Dataset excerpt =
- - - - - - -

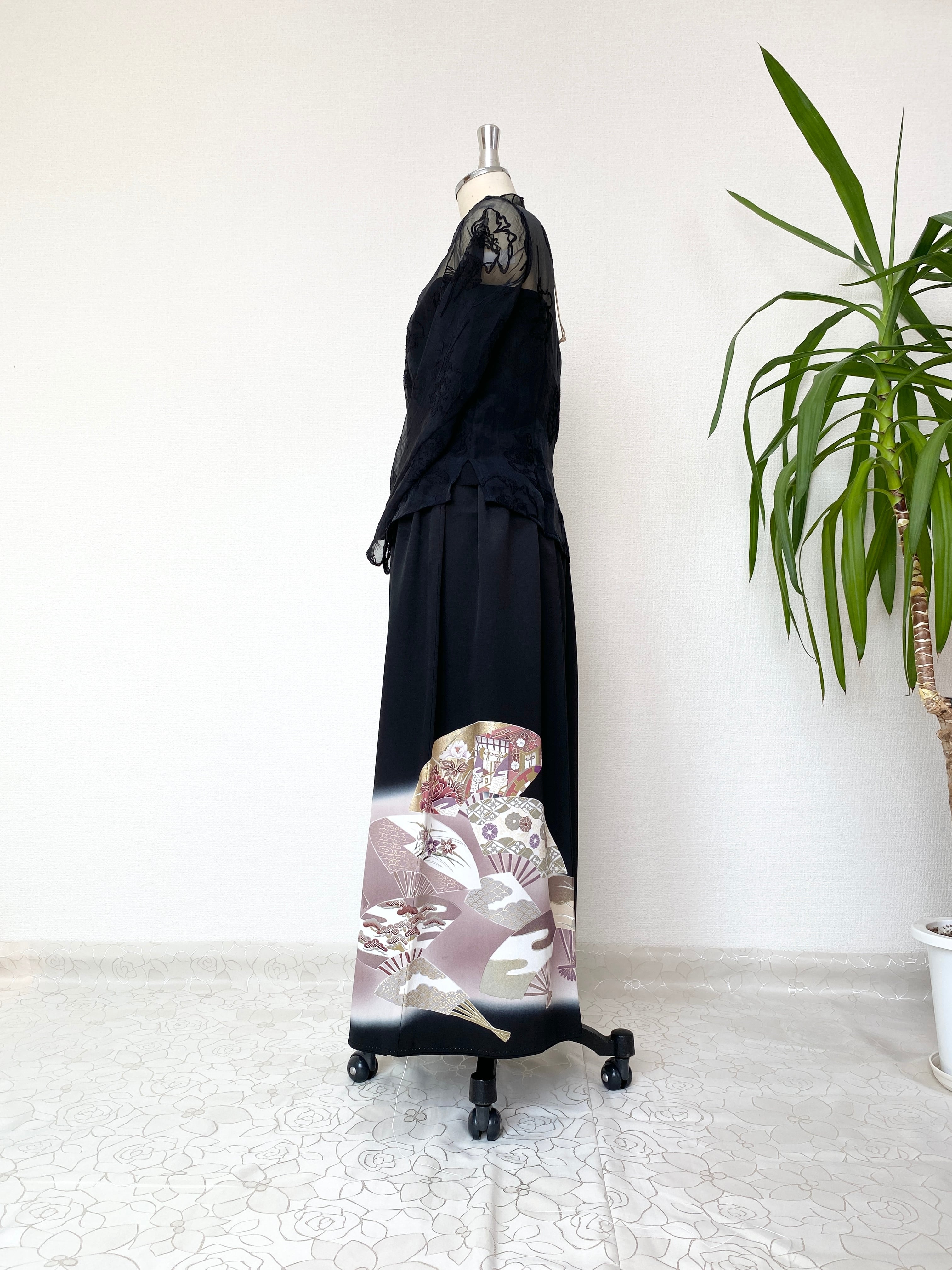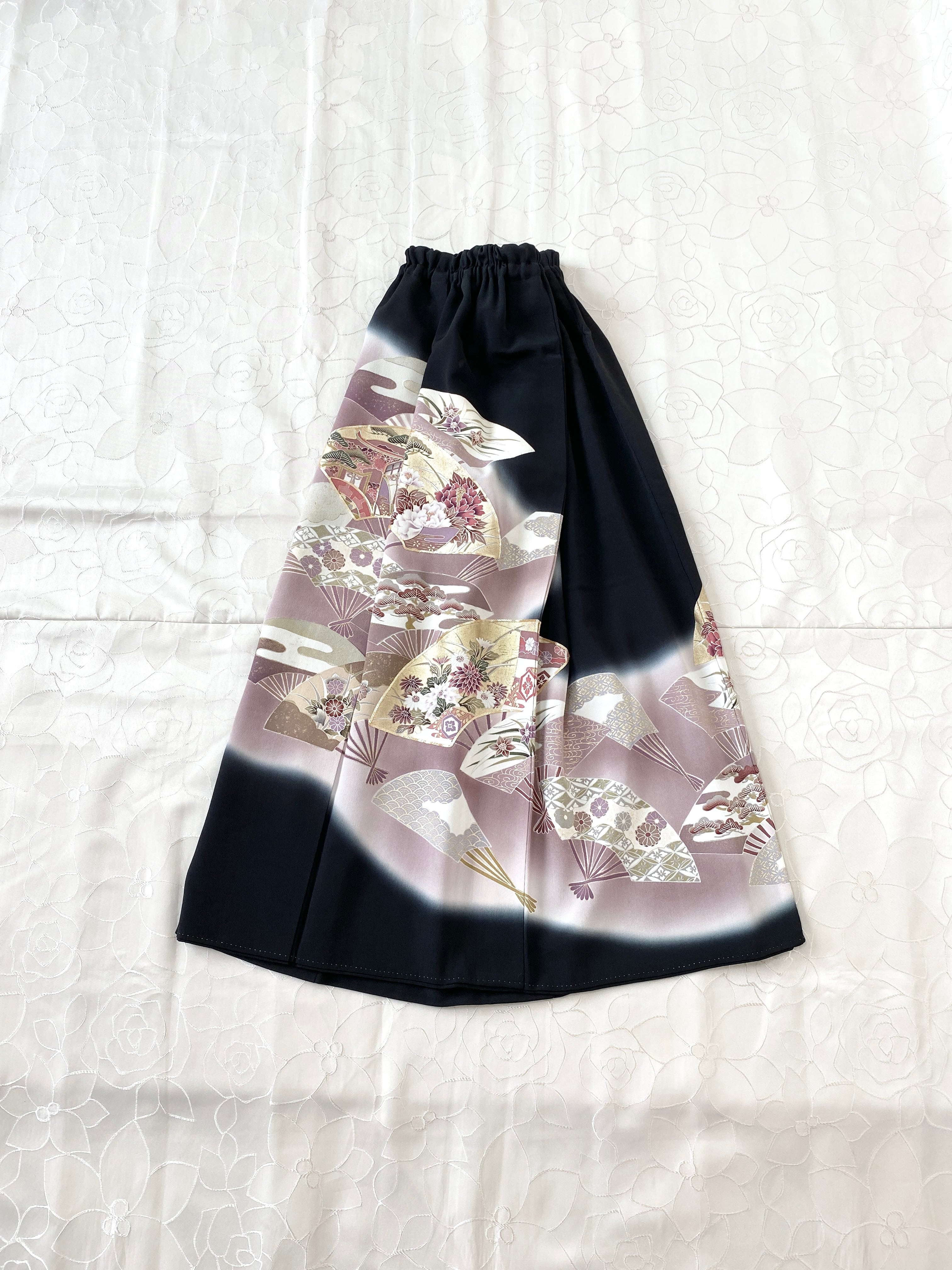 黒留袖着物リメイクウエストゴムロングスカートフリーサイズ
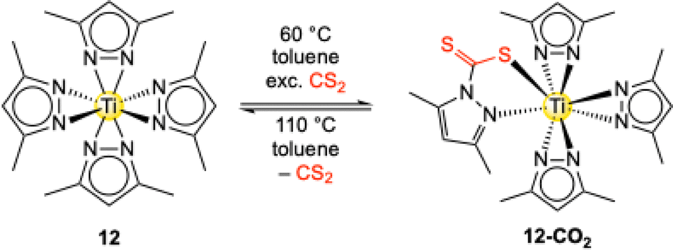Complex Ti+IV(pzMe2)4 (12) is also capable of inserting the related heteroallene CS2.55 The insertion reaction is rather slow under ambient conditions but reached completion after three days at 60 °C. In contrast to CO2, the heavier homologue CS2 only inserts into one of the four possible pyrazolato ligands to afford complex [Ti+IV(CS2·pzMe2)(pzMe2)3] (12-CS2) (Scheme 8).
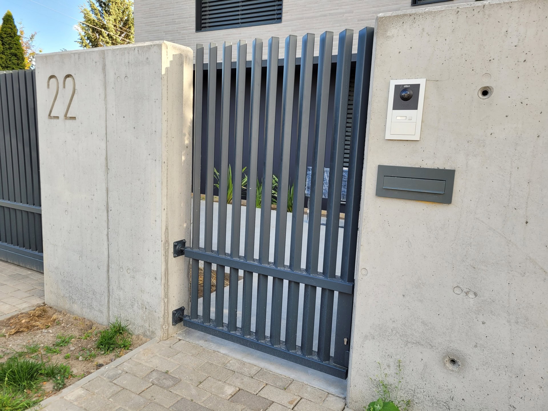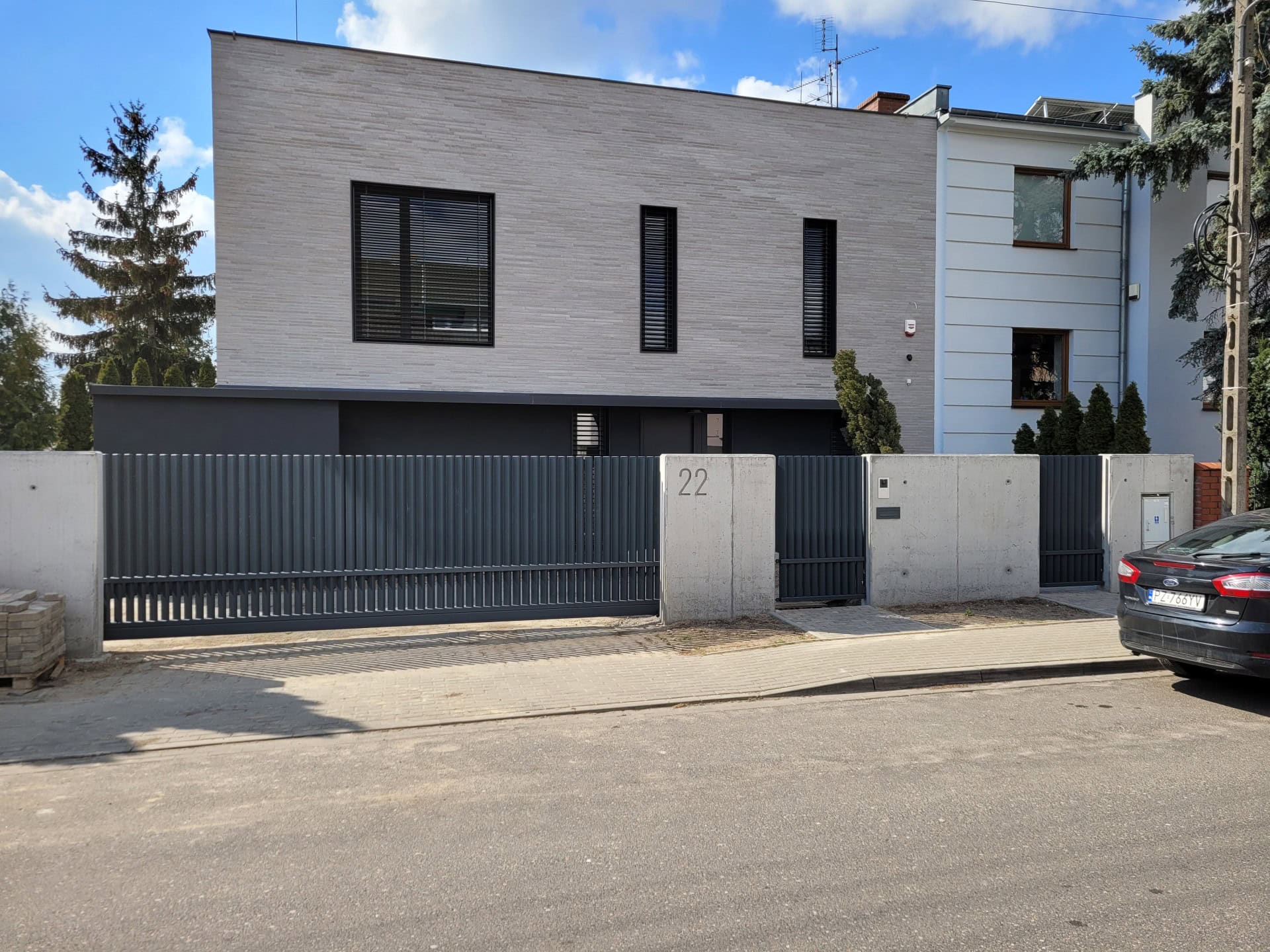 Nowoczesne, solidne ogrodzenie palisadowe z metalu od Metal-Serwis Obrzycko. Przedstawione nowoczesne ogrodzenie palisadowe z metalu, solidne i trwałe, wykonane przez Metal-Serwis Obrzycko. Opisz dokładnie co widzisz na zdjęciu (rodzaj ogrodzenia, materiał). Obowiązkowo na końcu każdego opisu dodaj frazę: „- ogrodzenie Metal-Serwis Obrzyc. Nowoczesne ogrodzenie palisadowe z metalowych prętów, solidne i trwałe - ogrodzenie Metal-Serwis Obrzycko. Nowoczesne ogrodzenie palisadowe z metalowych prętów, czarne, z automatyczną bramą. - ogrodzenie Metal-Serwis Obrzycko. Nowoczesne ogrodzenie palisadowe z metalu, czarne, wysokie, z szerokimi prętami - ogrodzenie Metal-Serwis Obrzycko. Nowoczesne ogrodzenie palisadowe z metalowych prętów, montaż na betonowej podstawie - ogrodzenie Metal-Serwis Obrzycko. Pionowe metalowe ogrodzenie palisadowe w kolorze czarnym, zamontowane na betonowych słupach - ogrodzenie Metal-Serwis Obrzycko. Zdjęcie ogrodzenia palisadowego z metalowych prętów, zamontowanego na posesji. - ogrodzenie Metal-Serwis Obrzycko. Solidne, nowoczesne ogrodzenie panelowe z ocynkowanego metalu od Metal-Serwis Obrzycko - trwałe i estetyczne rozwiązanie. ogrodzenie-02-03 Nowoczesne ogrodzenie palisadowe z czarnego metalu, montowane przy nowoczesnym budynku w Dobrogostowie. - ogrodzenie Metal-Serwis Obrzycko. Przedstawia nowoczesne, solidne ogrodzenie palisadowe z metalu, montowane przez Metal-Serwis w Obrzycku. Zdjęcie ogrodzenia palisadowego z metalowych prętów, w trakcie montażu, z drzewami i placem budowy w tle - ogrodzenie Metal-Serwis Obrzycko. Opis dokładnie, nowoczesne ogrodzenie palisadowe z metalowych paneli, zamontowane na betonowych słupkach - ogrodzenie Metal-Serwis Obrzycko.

- - - - - - -

Task brief =
From the opening line of the listing above through the line bearing "Complex Ti+IV(pzMe2)4 (12)", repeat each line exactly. Drop every picture.

Written reply =
 黒留袖着物リメイクウエストゴムロングスカートフリーサイズ
Complex Ti+IV(pzMe2)4 (12) is also capable of inserting the related heteroallene CS2.55 The insertion reaction is rather slow under ambient conditions but reached completion after three days at 60 °C. In contrast to CO2, the heavier homologue CS2 only inserts into one of the four possible pyrazolato ligands to afford complex [Ti+IV(CS2·pzMe2)(pzMe2)3] (12-CS2) (Scheme 8).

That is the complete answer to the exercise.